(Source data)
_ _ _ _ _

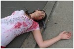 On the second day of Halloween week, this themed blog gave to thee: Horror Film Cliche. In every horror film there is a 20 minute chase sequence where one poor pretty girl gets the world thrown at her – hit by a car, stabbed, shot, hit, you name it – and just as she is about to escape she is killed by the villian, this is what I’ve chosen to dress as today. Please note: the tyre marks on my shirt were made from me painting a type and rolling it across my shirt for true effect.
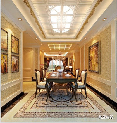 厨房吊顶:西斯廷圣母在油画里流光溢彩,异域风情盘旋天花板,留一方透明,遥想年华的流转。中世纪贵族遗风,融入简约的现代质感,在银烛吊灯里,轻轻荡漾。
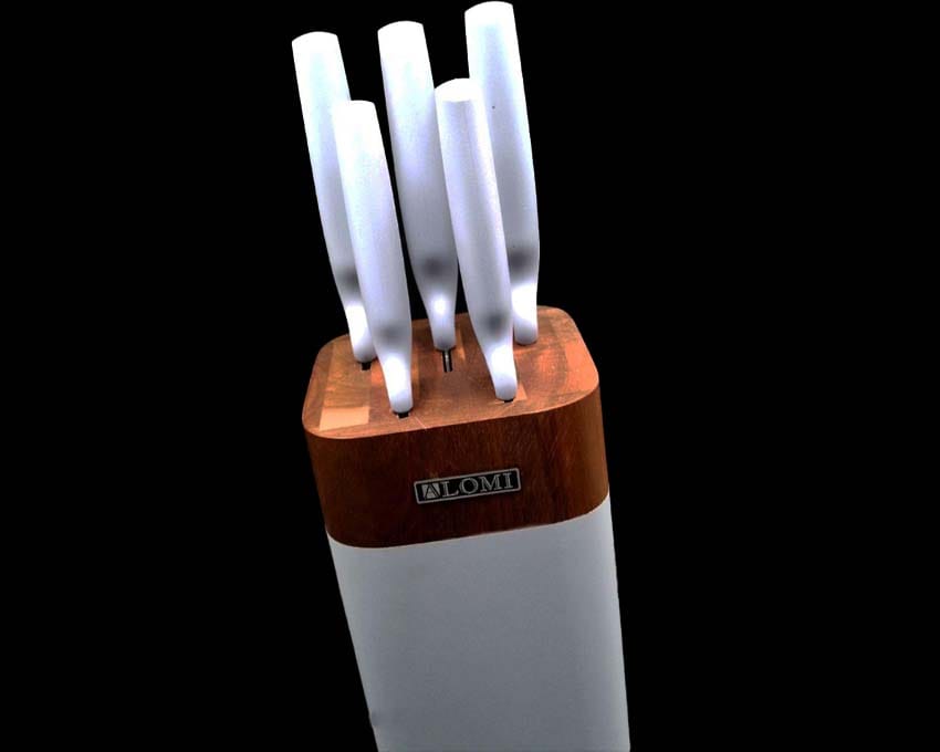 طقم سكينةالوان بالحامل الخشب 6 قطعة
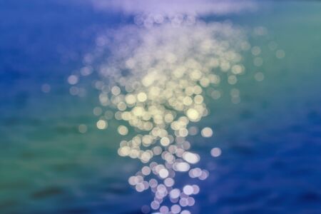 Abstract nature summer ocean sunset sea background. Small waves on water surface in motion blur with bokeh lights from sunrise. Holiday, vacation and recreational background concept.
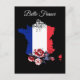 FRANKREICH und FRANZÖSISCHES THEME Design mit einem ROTEN WEISS & BLAUE Streifen KARTE OF FRANCE und einem kleinen Bouquet aus ROTEN und WEISSEN ROSE mit BLAUE BLÄTTER, die alle auf einem SCHWARZEN HINTERGRUND aussehen.

_ _ _ _ _

Beginning with the line that contains "Abstract nature summer" and ending with the final line of the entries, every line must be copied exactly; the pictures must not.

 Abstract nature summer ocean sunset sea background. Small waves on water surface in motion blur with bokeh lights from sunrise. Holiday, vacation and recreational background concept.
 FRANKREICH und FRANZÖSISCHES THEME Design mit einem ROTEN WEISS & BLAUE Streifen KARTE OF FRANCE und einem kleinen Bouquet aus ROTEN und WEISSEN ROSE mit BLAUE BLÄTTER, die alle auf einem SCHWARZEN HINTERGRUND aussehen.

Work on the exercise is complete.